● **What the task requires**:
Please find the line that holds "Ecco una tabella" below and reproduce it, along with every line after it through the end, exactly and without pictures.

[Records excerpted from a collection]
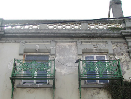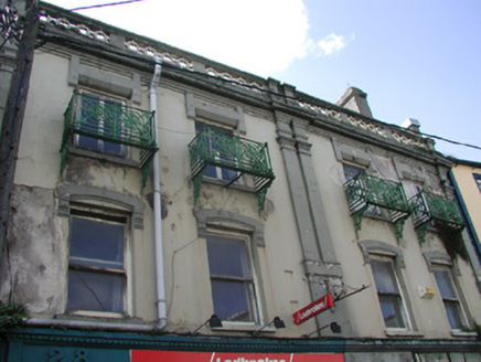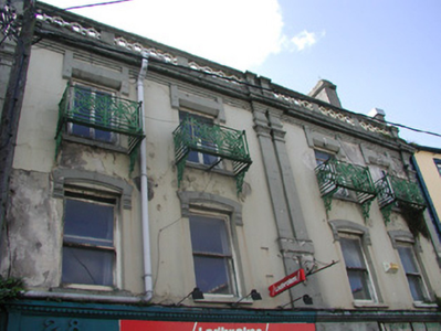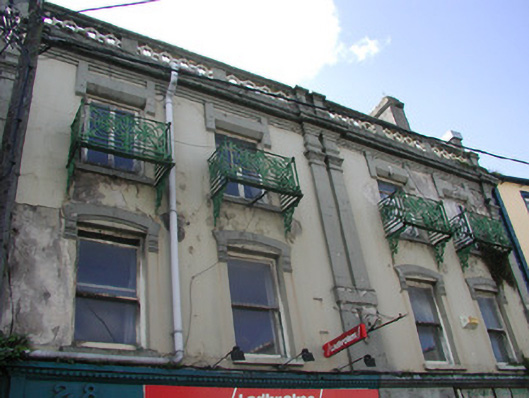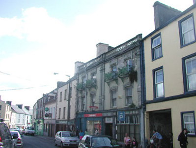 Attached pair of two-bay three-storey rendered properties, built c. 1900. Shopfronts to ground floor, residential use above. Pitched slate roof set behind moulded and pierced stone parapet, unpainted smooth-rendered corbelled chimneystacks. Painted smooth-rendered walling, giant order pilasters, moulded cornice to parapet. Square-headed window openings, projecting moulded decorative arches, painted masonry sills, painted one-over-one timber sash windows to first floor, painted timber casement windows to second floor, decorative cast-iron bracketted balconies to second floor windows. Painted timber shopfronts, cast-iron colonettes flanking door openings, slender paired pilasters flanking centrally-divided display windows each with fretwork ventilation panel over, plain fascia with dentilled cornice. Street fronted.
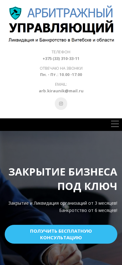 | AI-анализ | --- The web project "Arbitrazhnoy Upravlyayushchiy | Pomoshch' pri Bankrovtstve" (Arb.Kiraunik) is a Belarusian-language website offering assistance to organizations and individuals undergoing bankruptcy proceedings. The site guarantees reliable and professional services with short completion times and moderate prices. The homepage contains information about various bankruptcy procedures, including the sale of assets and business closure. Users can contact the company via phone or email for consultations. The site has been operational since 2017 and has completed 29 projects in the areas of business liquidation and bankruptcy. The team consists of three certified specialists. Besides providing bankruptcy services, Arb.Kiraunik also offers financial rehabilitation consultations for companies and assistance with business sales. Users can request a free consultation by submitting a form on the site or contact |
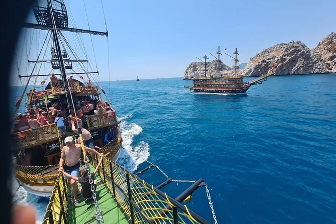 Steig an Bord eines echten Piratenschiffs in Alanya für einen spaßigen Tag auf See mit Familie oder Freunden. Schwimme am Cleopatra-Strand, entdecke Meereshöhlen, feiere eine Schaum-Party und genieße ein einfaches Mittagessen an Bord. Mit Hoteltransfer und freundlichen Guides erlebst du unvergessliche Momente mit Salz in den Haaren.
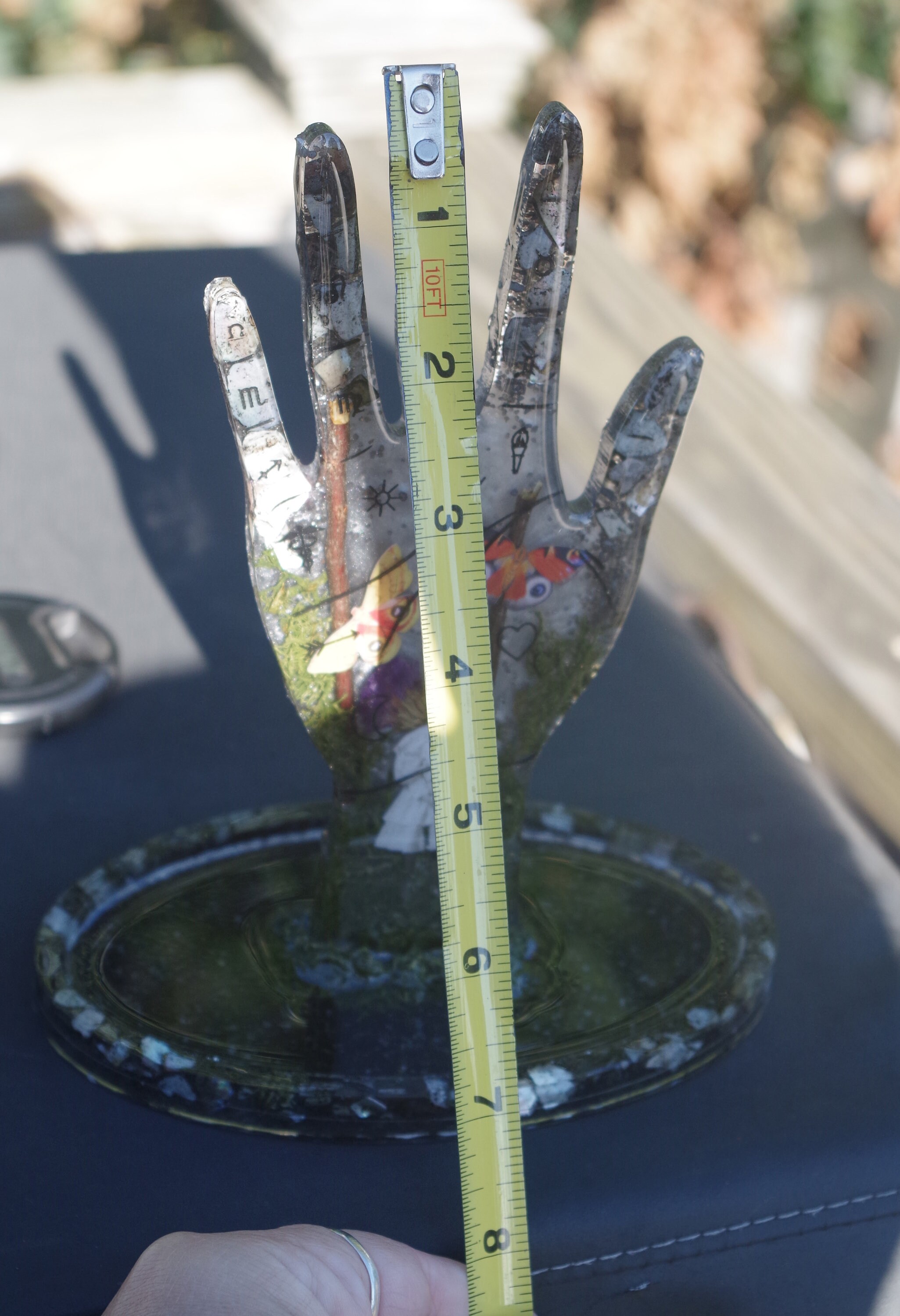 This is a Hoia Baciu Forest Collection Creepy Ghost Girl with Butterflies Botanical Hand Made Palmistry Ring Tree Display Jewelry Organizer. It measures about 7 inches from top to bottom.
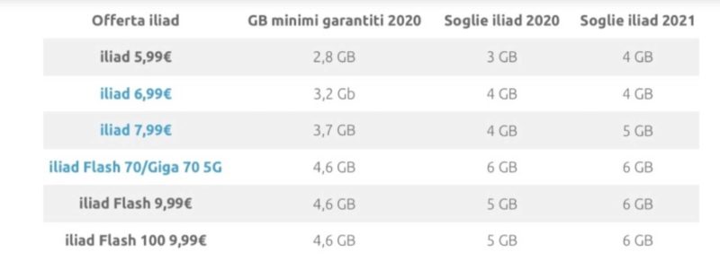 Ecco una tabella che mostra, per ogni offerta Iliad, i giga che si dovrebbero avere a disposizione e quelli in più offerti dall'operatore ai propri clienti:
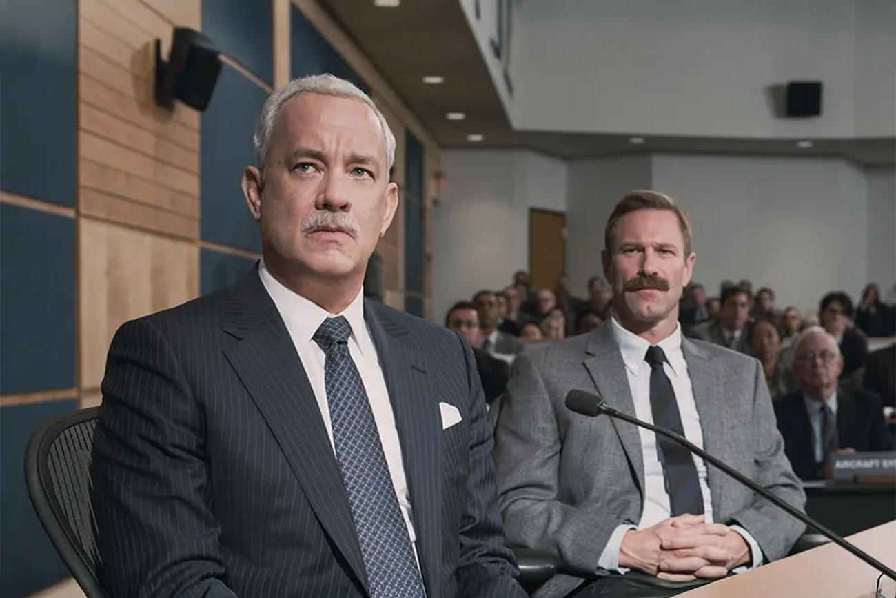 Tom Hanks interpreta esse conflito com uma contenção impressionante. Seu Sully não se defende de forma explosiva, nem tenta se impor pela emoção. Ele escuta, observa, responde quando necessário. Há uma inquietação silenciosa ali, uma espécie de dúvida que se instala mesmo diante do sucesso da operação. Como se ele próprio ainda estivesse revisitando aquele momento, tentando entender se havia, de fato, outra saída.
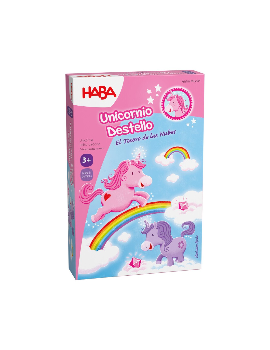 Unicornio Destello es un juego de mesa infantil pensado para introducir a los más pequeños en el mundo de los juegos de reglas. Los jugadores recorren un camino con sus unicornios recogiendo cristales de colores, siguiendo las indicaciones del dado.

● **Response for this exercise**:
 Ecco una tabella che mostra, per ogni offerta Iliad, i giga che si dovrebbero avere a disposizione e quelli in più offerti dall'operatore ai propri clienti:
 Tom Hanks interpreta esse conflito com uma contenção impressionante. Seu Sully não se defende de forma explosiva, nem tenta se impor pela emoção. Ele escuta, observa, responde quando necessário. Há uma inquietação silenciosa ali, uma espécie de dúvida que se instala mesmo diante do sucesso da operação. Como se ele próprio ainda estivesse revisitando aquele momento, tentando entender se havia, de fato, outra saída.
 Unicornio Destello es un juego de mesa infantil pensado para introducir a los más pequeños en el mundo de los juegos de reglas. Los jugadores recorren un camino con sus unicornios recogiendo cristales de colores, siguiendo las indicaciones del dado.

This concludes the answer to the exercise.